The DS 7 Crossback's adapative cruise control and lane-keep assist work well, with the steering assist feeling natural, and distances being maintained in a very natural-feeling way. It also allows the driver an unusually long amount of hands-off time – more than 20 seconds on our brief test.
DS 7 Crossback diesel vs petrol refinement and performance
The BlueHDi 180 in automatic form is punchy, and delivers the goods, it's also far too vocal. Flick the drive mode switch into sport, and its exhaust note is amplified unpleasantly. We're not sure why. We'd recommend you leave it in Eco or Comfort mode, kick back, and try to enjoy the ride.
We also drove the PureTech 225 in eight-speed automatic form, and it's smooth and refined at low speeds, and accelerates impressively at motorway speeds. Like the diesel, in Sport mode, the exhaust note is amplified artificially, but it rarely sounds or feels as sporty as its power output would suggest.
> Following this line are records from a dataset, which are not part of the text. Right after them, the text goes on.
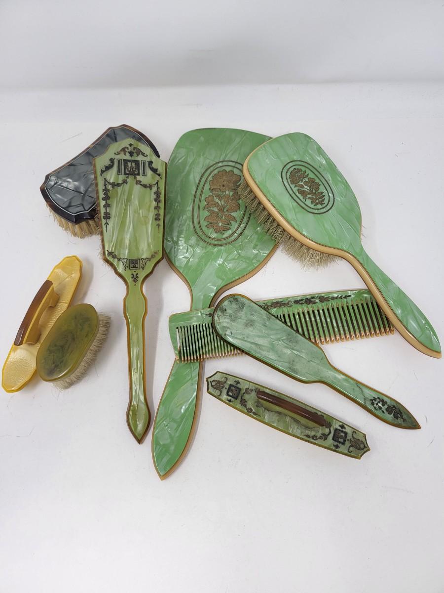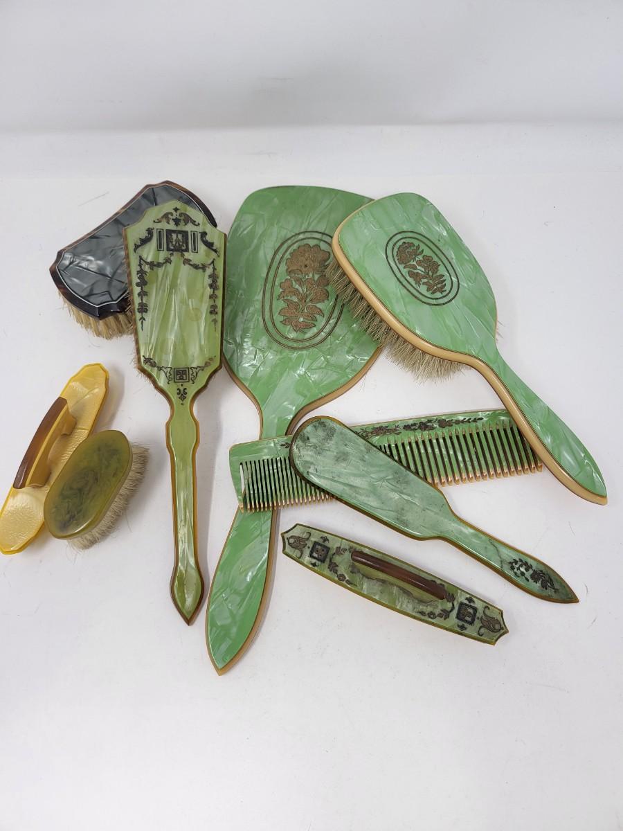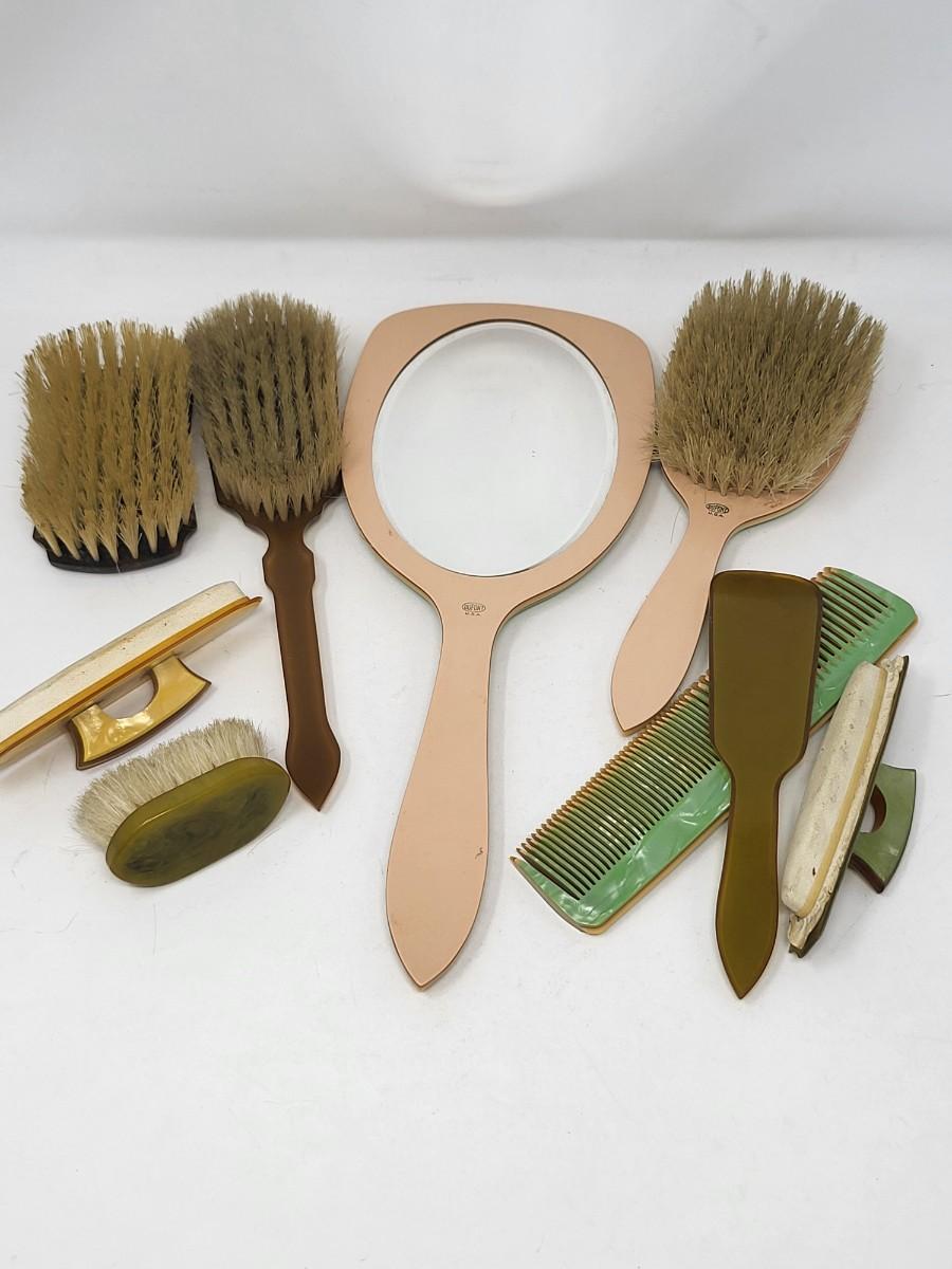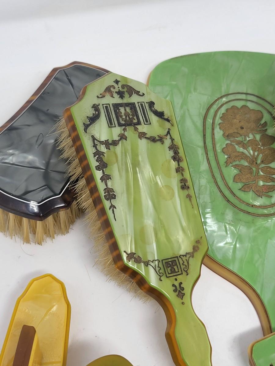 Antique Dupont Celluloid & Bakelite Brushes, Mirror & More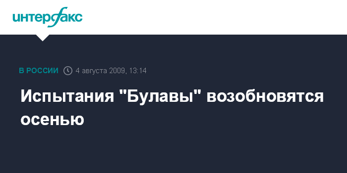 Москва. 4 августа. INTERFAX.RU - Очередной испытательный пуск стратегической ракеты морского базирования "Булава" состоится не ранее сентября, сообщили "Интерфаксу" во вторник в ракетно-космической отрасли.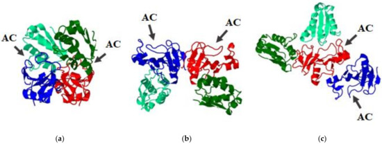 Models of barstar interaction with RNase dimers. (a) Barnase dimer; (b) balifase dimer; (c) binase dimer. Monomers of RNase dimers are colored in blue and red. Their active sites are faced upwards (except for the monomer of binase colored in blue). Two molecules of barstar are depicted in light and dark green. Active centers (AC) of RNases are marked by arrows.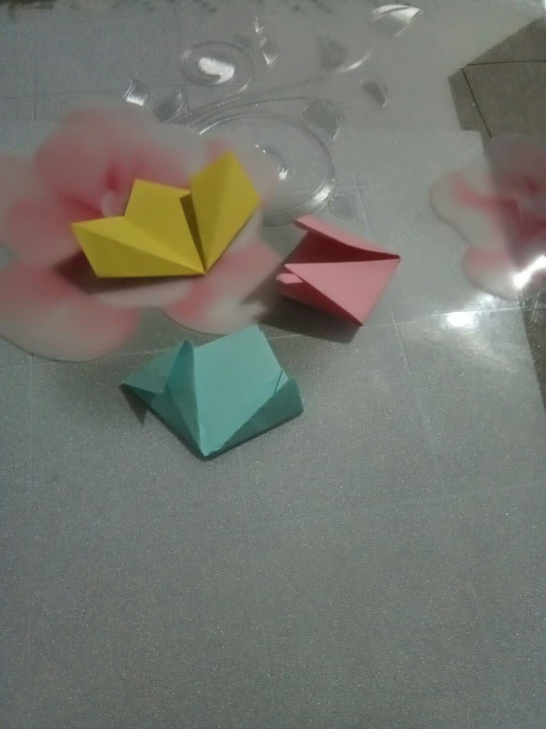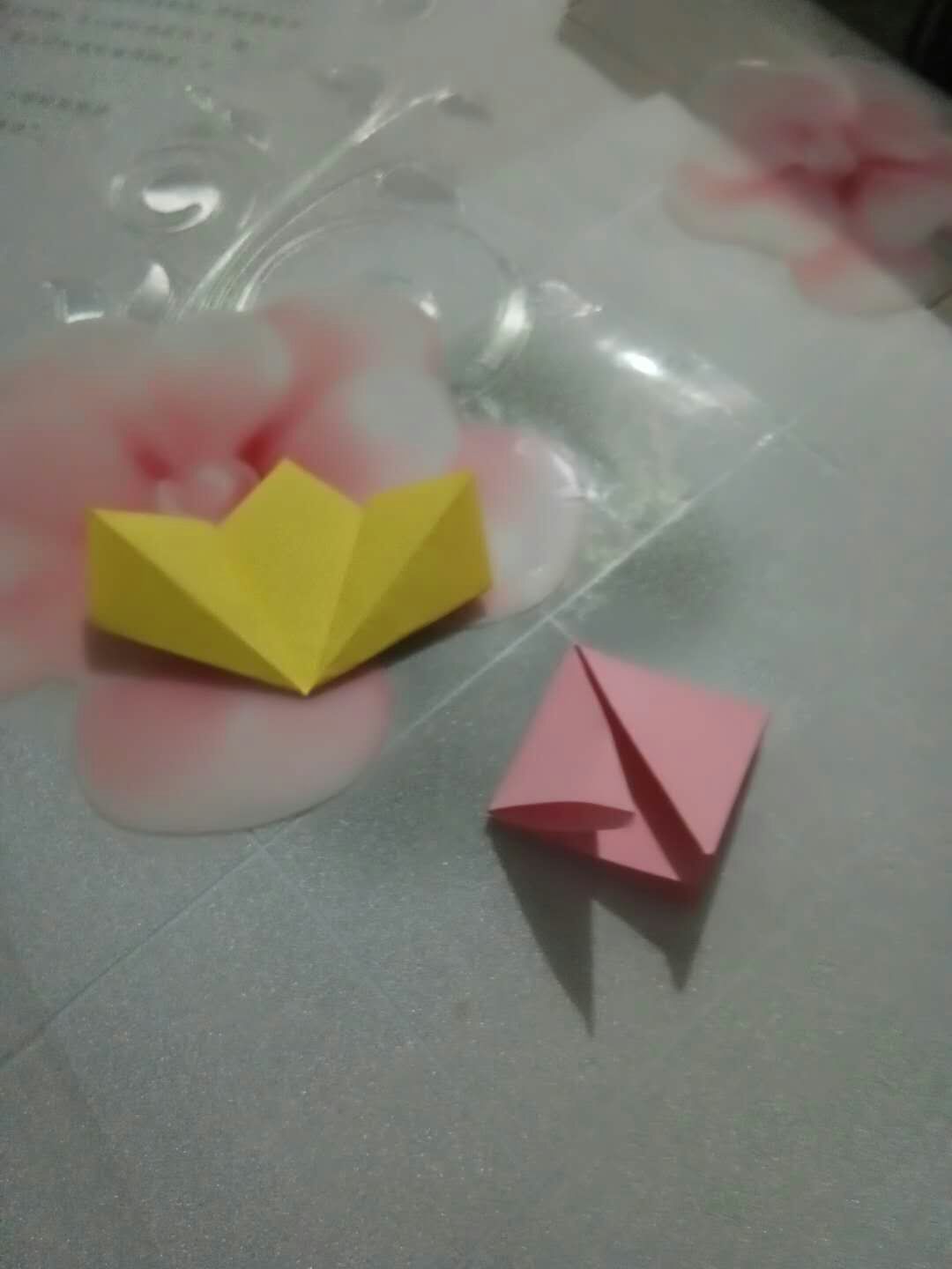首先要准备五张粉色的正方形纸,先试试吧,看看效果如何。

Of the pair, it's expected that more UK buyers will plump for the diesel on financial grounds, but the petrol version is more satisfying to drive, thanks to its additional refinement. But both are more suited to cruising – which goes hand-in-hand with the DS 7 Crossback's laid-back character.
The Parkers Verdict
The DS 7 Crossback is a car that's good in places, and annoying in others. Although the overall styling is SUV-generic, there is some nice detailing on the outside, such as the LED headlamps, and the well-resolved tail lights. It's roomy inside, the trim materials are tastefully chosen, and it feels suitably up-scale. In short, DS has gone some way towards delivering luxury experience it promised, with one or two rough edges to sort.
On the road, the DS 7 Crossback's Active Scan suspension system is able to deliver a comfortable, well-controlled ride on most surfaces, without resorting to excessive body roll in the corners. Much of the time it feels composed and relaxed, but in town or on some broken surfaces, that air of serenity is sadly lacking. It's also less refined than we expected, with engine and wind noise falling short of the best in class.
But it's up against some very tough rivals, and is far from cheap. Although we suspect it's a grower (you might love it more with familiarity), we can't help but feel that it's some way short of the out-of-the-box excellence that is needed to persuade SUV buyers to ditch their Audis, BMWs and Mercedes-Benzes. It's a left-field choice, but far from outstanding enough to make the switch to DS worth the effort.